The title, Objectifying China, Imagining America, is perhaps too ambitious. I would rather say it is more about imagining China through buying, selling, and owning Chinese commodities in American colonies, as Frank’s discourse throughout the book centers on how colonial Americans imagined China, and the East in general, through the Chinese objects they consumed. However, studying these objects does not necessarily mean that one can objectify the place where they are produced. What’s more, in most of the cases, early Americans’ imagination of China was dominated by Orientalism and preconceived notions based on stereotypes. Asians, the so called Orientals, exist as a unity in European American historical consciousness for a very long time. According to Edward Saïd, the early European conception of Asia and Asians as European’s “deepest and most recurring images of the Other” and “the Orient has helped to define Europe (or the West)” as its opposition[3]. Culturally and ideologically speaking, early Americans still carried the baggage of the Old World, Europe, while arriving in the New World, America[4]. Therefore, their perception of China was not formed after they built direct relationship with China; it was formed centuries ago through the various discourses and imaginations of different generations of Europeans. Therefore, as Frank also occasionally points out, the Chinese porcelains and artistic commodities were colored with an Orientalist aesthetic while consumed by the colonial Americans.

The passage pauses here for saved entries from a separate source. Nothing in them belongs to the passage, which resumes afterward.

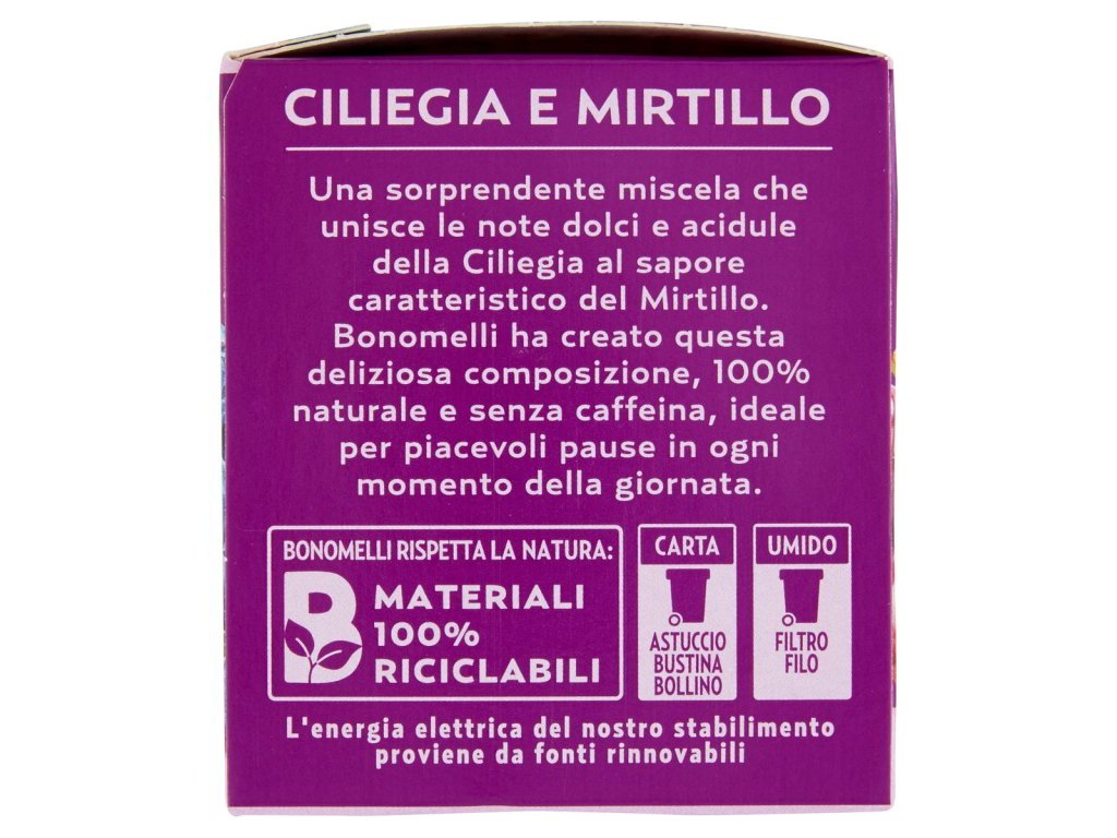 Kľúčové tagy: Bonomelli čaj, čerešňový čaj, čučoriedkový čaj, ovocný čaj, aromatizovaný čaj, ovocná kombinácia, osviežujúci čaj, zdravý čaj, prírodné zložky, čaj na každý deň, jemná chuť, čaj bez kofeínu, voňavý čaj, čaj na pohodu, čaj na osvieženie, lahodný čaj, ovocný mix, čaj s čerešňou, čučoriedkový zážitok, prírodná chuť
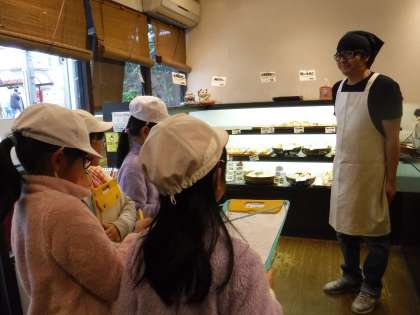 などと,子どもらしい質問をしたり,それぞれの仕事の大変な事やしていて嬉しかったことなども聞いたりしていました。どのお店も丁寧に教えていただき,子どもたちは大満足。にこにこ笑顔で学校に帰りました。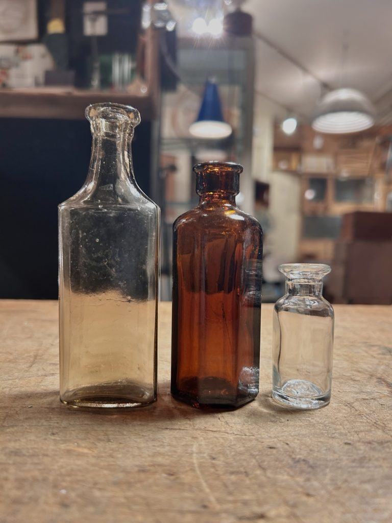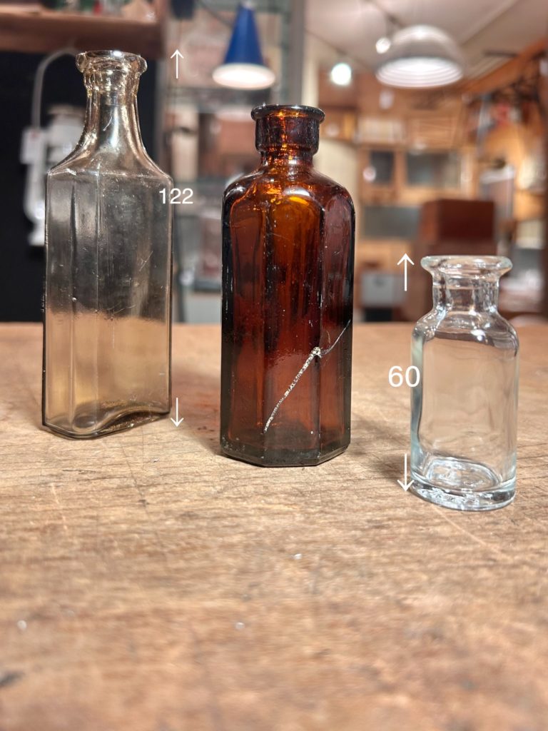 小柄でクラシカルな欧州ぽいガラス瓶が流れ着きました。左 うすーいグリーンの瓶は仄かに銀化してきている様に見え、とても良い気配を放っております。口縁脇に欠けが有りました。高さ 122ミリ程 2.000-(税込)配送 宅急便コンパクト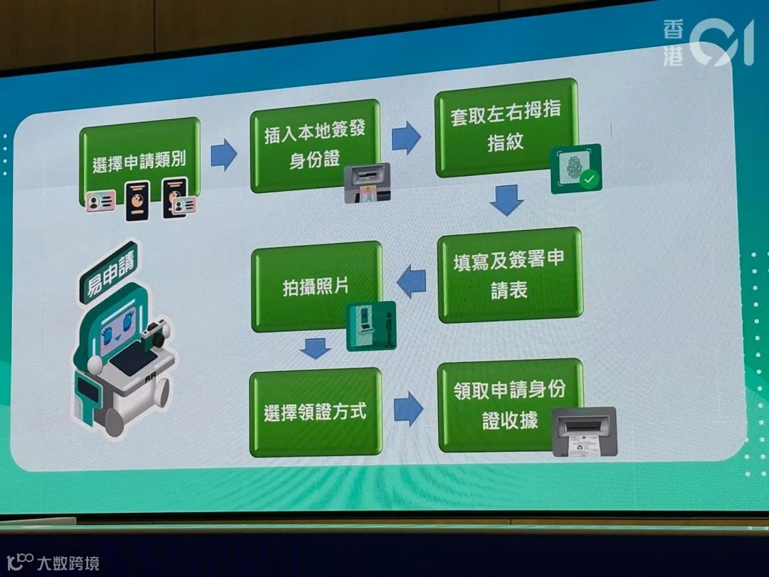 填写和签署电子表格 / 拍摄相片 / 录取指纹 / 递交申请,省掉了面见入境处登记主任的程序。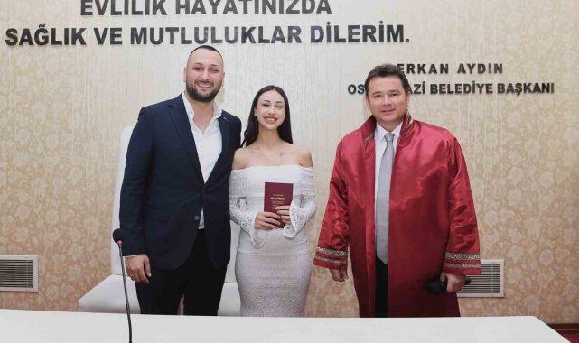 Başkan Aydın, nikahını kıydığı çifte günün anısına hediye takdim etti. Genç çift, sürpriz yaparak nikahlarını kıyan Osmangazi Belediye Başkanı Erkan Aydın'a teşekkür etti.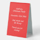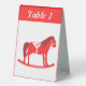 Ce magnifique panneau de tente de table de Noël présente une image art numérique d'un mignon cheval à bascule de style scandinave. Le cheval est rouge avec une crinière rouge foncé, la queue et les sabots. Le cheval sympathique sourit. Il a une selle blanche et des rois avec de jolis motifs de style Scandi rouge sur la selle, y compris le soleil, la lune et les étoiles, les coeurs et les fleurs. La base du cheval rocking est rouge et est couverte de feuilles blancs. Le design a été inspiré par le cheval suédois Dala. Il y a du texte personnalisé à l'arrière pour que vous puissiez inclure votre propre message.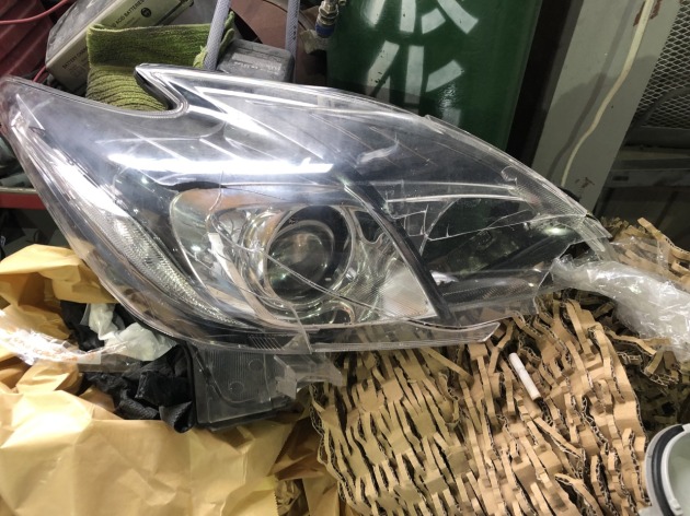 トヨタ50系プリウス用TRD製フロントスポイラーの割れ修理ご依頼をいただきました。 右側部分が割れて、デイライトも外れてしまっている状態です。今回は、部分修理にて承りました。 お車からTRD製フロント

While Frank focuses on the material aspects of Chinese commodities in colonial America, she also offers a cultural study of colonial Americans through exploring the meanings behind these material objects. Revealing early America’s commercial ties with China and colonial Americans’ cultural perception of China and Chinese people, Frank’s book presents an excellent supplementary source for the history of U.S.-China economic relations and transnational and transcultural American studies in general.


Xiuming He (Lianyungang, Jiangsu, China)

[1] It may be assumed that Obama knew that George Washington became the first U.S. President five years later, in 1789. But what Obama probably wanted to convey by evoking the name of the founding father was that although the Empress of China was funded privately, e.g. by the rich Philadelphia financier Robert Morris, the enterprise was at the same time considered of significant national importance; see, for example, Eric Jay Dolin, When America First Met China: An Exotic History of Tea, Drugs, and Money in the Age of Sail (New York: Norton, 2012).

[2] “Remarks by President Barack Obama at Town Hall Meeting with Future Chinese Leaders.” 16 Nov. 2009. Web. 29 Aug. 2014.

[3] Edward Saïd, Orientalism (New York: Pantheon, 1978) 1.

[4] Gary Y. Okihiro, Margins and Mainstreams: Asians in American History and Culture (Seattle & London: U of Washington P, 1994) 20.